A spotlight on load shedding
Load shedding has led to significant revenue losses, with the most recent figures presented by technology company, Yoco, suggesting that about 30% of small businesses have lost up to 10% of their annual revenue due to the onset of load shedding. There are several theories on how much longer load shedding will continue, with one source suggesting that it could persist well into 2025. The general consensus, however, is that it is a South African reality for which small businesses need to prepare.
Botha offers the following tips for SMEs on how to reduce the effects of load shedding:
- Surge protect your property
With small businesses playing such a crucial role in the subsistence of South Africa’s economy, finding innovative ways to mitigate load shedding needs to be a priority. At a minimum, SMEs should have preventative measures in place to reduce damage to their property, which includes installing surge protection plugs.
- Install a backup power source
Another way to avoid incurring severe revenue losses as a result of load shedding is to invest in battery-powered backup technologies like point-of-sale devices, so that sales can still be processed when the electricity is cut off.

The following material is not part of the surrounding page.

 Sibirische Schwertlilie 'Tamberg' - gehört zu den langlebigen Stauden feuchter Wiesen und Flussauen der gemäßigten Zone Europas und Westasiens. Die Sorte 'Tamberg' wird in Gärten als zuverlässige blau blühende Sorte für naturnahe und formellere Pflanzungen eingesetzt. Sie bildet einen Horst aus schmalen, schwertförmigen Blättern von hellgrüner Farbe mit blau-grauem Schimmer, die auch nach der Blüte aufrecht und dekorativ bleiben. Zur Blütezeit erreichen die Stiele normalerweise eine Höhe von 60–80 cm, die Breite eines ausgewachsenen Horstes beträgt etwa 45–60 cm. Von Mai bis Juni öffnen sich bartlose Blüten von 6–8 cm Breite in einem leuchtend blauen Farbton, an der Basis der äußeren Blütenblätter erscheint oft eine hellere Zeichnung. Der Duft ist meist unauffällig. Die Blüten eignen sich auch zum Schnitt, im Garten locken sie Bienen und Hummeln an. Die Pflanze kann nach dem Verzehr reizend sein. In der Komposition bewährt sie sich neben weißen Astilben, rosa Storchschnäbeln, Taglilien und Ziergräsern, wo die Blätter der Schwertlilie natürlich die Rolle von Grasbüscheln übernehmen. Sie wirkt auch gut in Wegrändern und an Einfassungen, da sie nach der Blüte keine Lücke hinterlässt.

With the wide variety now available, SMEs should be able to find battery-powered solutions that meet their needs. Portable nano solutions are relatively cost-effective when compared to the potential revenue loss of being completely unable to operate. Solar powered backup generators are also viable options for larger businesses, especially where factors like food storage need to be taken into account. A good, practical exercise for SME owners would be to add up the line item costs of undergoing a complete shutdown during load shedding versus the initial outlay of a backup power source or the cost of going completely green for your building. In the vast majority of cases, the cost saving potential of backup energy or going green justifies the initial investment especially with finance that comes with rebates as with the Business Partners Ltd’s Green Buildings Finance programme.
The effects of the fuel price hike
Hikes in fuel prices affect South African small businesses across several sectors. SMEs who deliver or collect goods, or transport people as part of their business model are directly impacted. Small businesses are also affected indirectly when supplier prices escalate in order to accommodate rising fuel prices. From a macroeconomic perspective, fuel hikes can drastically reduce consumers’ disposable and spending power, which can also have a knock-on effect on an SME’s bottom-line.

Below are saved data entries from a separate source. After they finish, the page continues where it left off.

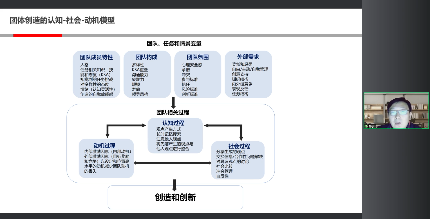 關于團體創造性,有一個很有名的認知-社會-動機模型。它實際上是說有很多的因素會影響到團隊相關的一些過程。包括團隊成員特征,團隊構成,團隊氛圍,外部需求。他們這些因素會影響到團隊相關的三個很重要的過程。一個是認知過程,就是觀點的產生,記憶的搜索,還有注意他人觀點;還會影響到動機過程和社會過程,特別是社會過程,團體創造性活動當中非常重要的一個過程,也是有別于個體創造性思維的一個很重要的過程。就是人和人之間要分享生成的觀點,要交換信息,也要做社會比較,沖突管理等等。通過影響三個重要的過程,進而影響到整個團體的創造和創新。
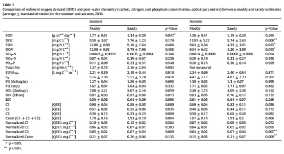 數據內容:SOD值范圍0.8–3.3 g m?2 d?1(夏季)和0.7–2.1 g m?2 d?1(秋季)。泥質沉積物夏季SOD更高(1.77 vs. 1.34 g m?2 d?1, p=0.047)。
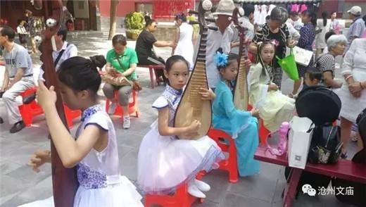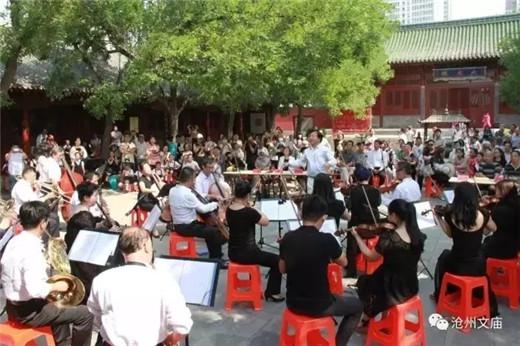 上午9点,开幕式及演出在沧州管弦轻音乐乐团的优美乐曲下正式启动。来自沧州市天乐艺术学校、沧州市东方古筝学校、沧州市实验小学、路华小学的200名中小学生和沧州市管弦乐团的专业演奏家们为沧州市民奉上了一场音乐的盛宴。笛子齐奏,曲调悠扬,悦耳动听;古筝合奏,曲调深厚,纯朴古雅;琵琶合奏,清脆悦耳,令人陶醉。管弦乐合奏,气势恢宏,宽广壮阔;小提琴演奏,舒缓柔美,美妙动听;钢琴独奏,行云流水,温润柔和。天乐艺术学校的60名小学生表演的《虫儿飞》《金蛇狂舞》将演奏会推向了高潮,赢得了专家和观众的一致好评。当天的活动吸引了两千多名市民和游客参与。(沧州文庙)
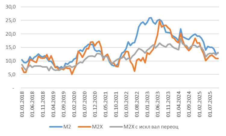 Активизация кредитования в октябре привела к ускорению роста денежных агрегатов - денежная масса в национальном определении (М2) выросла на 1,5% после сокращения на 0,3% в сентябре, а широкая денежная масса (М2Х) – на 1,7%, после роста на 0,6% месяцем ранее, годовые темпы выросли до 13,0% и 13,1% против 12,7% и 12,2%. По оценке Банка России, в ноябре денежные агрегаты росли сопоставимыми темпами (M2 1,5% м/м, М2Х 1,3% м/м), годовые темпы изменились разнонаправленно (рост М2 снизился до 12,5%, а М2Х увеличился до 13,3%). Между тем, аналитики Банка России считают, что «октябрьская динамика кредитования в целом соотносилась с траекторией возвращения инфляции к 4%» и «рост денежной массы может вписаться в прогнозный диапазон Банка России на конец 2025 г. (7–10%)», поскольку кредитный импульс в этом году остается отрицательным, а сезонный скачок денежных агрегатов в ноябре-декабре 2025 г ожидается меньше обычного из-за более равномерного распределения бюджетных расходов внутри года.

Botha offers the following tips on how small businesses can mitigate the effects of the fuel price increase:
- Prioritise vehicle maintenance
Depending on the vehicle being used, there are ways to maintain a car to ensure that its fuel consumption remains relatively low. For example, tyres that are underinflated have a higher rolling resistance on the road, which generates excess friction and increases fuel consumption in the long run. Tyre pressure should be checked at least once a month, engines need to be serviced frequently and air filters should be kept cleaned.
- Optimise your travel arrangements
Technology is a powerful enabler when it comes to finding ways to be more fuel-efficient. Navigation apps like Google Maps and Waze collate millions of data points to provide users with accurate information on traffic capacities and alternative, faster routes. By using these apps to avoid peak traffic times, SMEs can reduce their fuel input cost. Incremental savings in the short-term can accumulate into longer term savings.
SMEs who deliver goods can introduce set delivery slots and use digital tools to position these slots within hours that roads are relatively free of traffic. This can be marketed to customers effectively by emphasising how set delivery times will help goods recipients to plan their schedules more efficiently.